Studio album by Leslie Spit Treeo
- Released: 1996
- Label: Tag Tunes/Page Music
- Producer: Leslie Spit Treeo

Leslie Spit Treeo chronology
| Hell's Kitchen (1994) | Chocolate Chip Cookies (1996) |  |

= Chocolate Chip Cookies (album) =

Chocolate Chip Cookies is an album by Canadian folk rock band Leslie Spit Treeo, released in 1996. It is subtitled "A Rock & Roll Adventure".

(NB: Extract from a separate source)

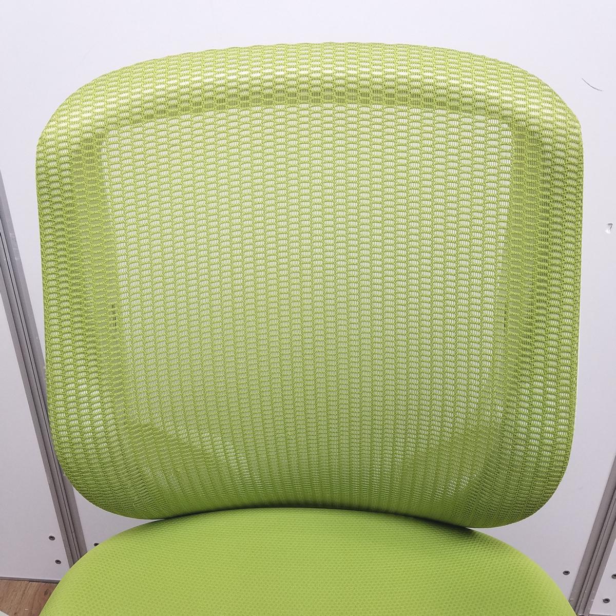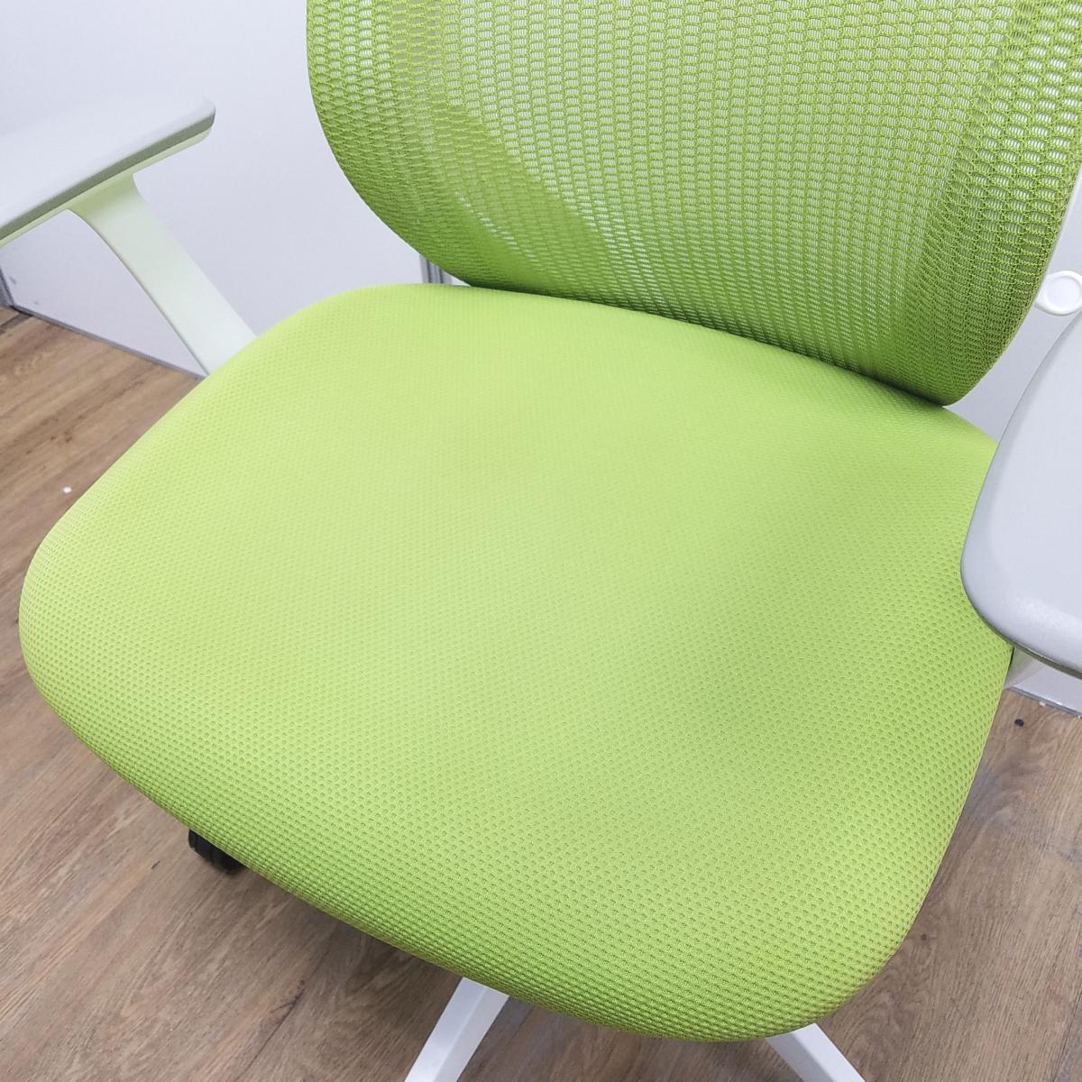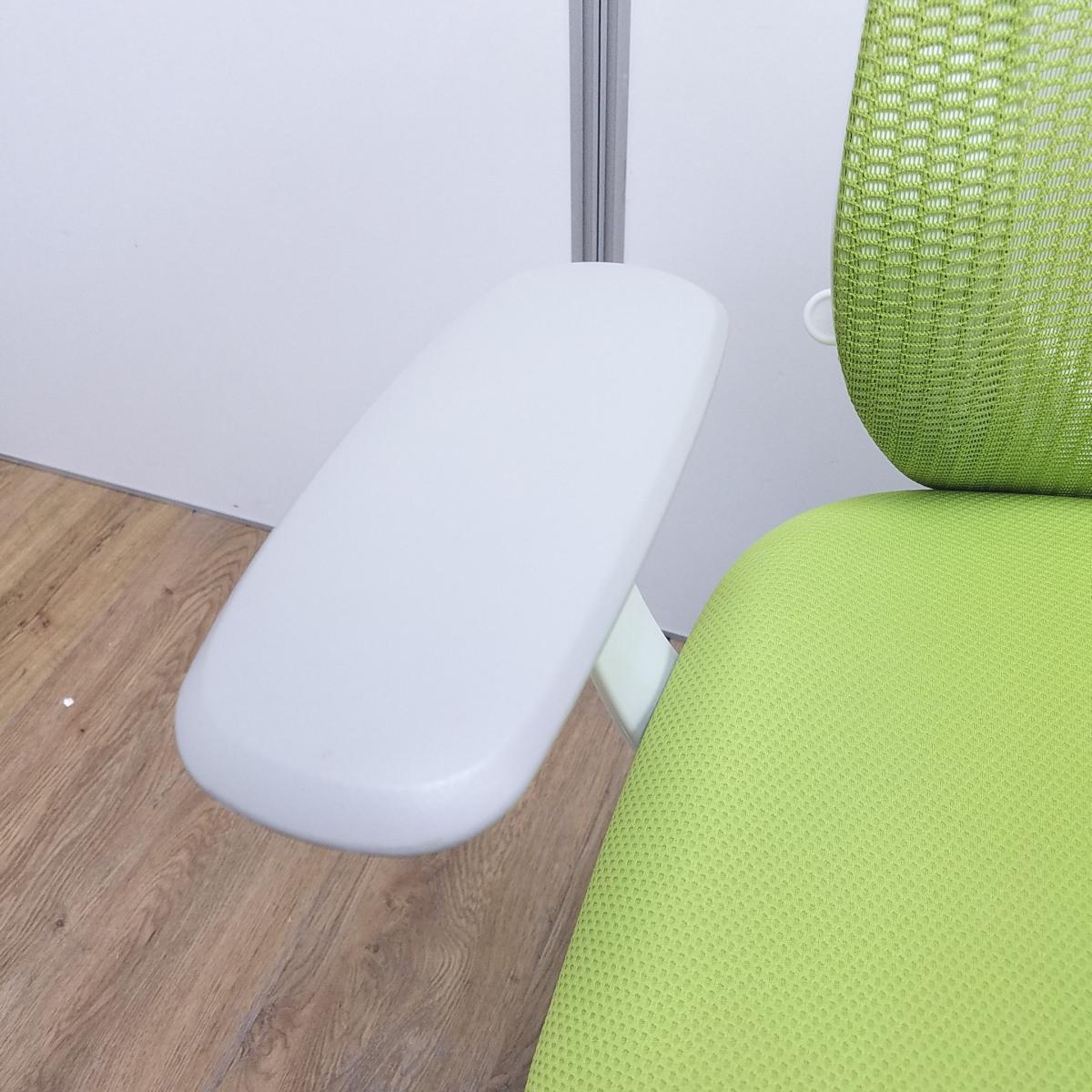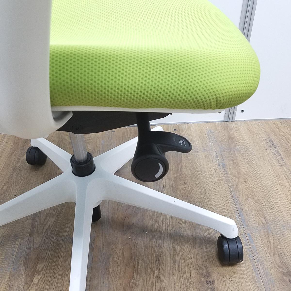【商品入替のため、残り1脚限り】オカムラ製 シルフィシリーズ ライムグリーン ホワイトフレーム デザインアーム※固定肘 コートハンガー付き ローバック 背面メッシュ 前傾チルト 自宅用 三次元曲面が快適にフィット! 機能付の大人気メッシュチェア! 肘付きローバックチェア!!サーキュラーバリューCO2削減量の算出について

The band intended to make "the mother of all concept albums." It contains a cover of Bob Snider's "Ancient Eyes". The band promoted the album by embarking on a full tour of Canada.

==Release==
A double album, Chocolate Chip Cookies was originally released in a unique paper bag package similar to a cookie bag, with labelling that resembled the design of a Chips Ahoy! bag. Several weeks after the album's release, Nabisco threatened the band with a copyright infringement lawsuit, and in response, the band recalled all unsold copies of the album, held a bonfire in Toronto's High Park to burn the cookie bag packages, and rereleased the album in a conventional jewel case.

==Critical reception==

The Times Colonist stated: "Those seeking Mellon Collie-type angst in their sprawling, double disc epics will take solace in 'Average Joes rallying chorus cry of 'Life sucks!' and ballad 'Book of Rejections assertion that 'self- esteem may be over-rated/You're going nowhere without some hatred'."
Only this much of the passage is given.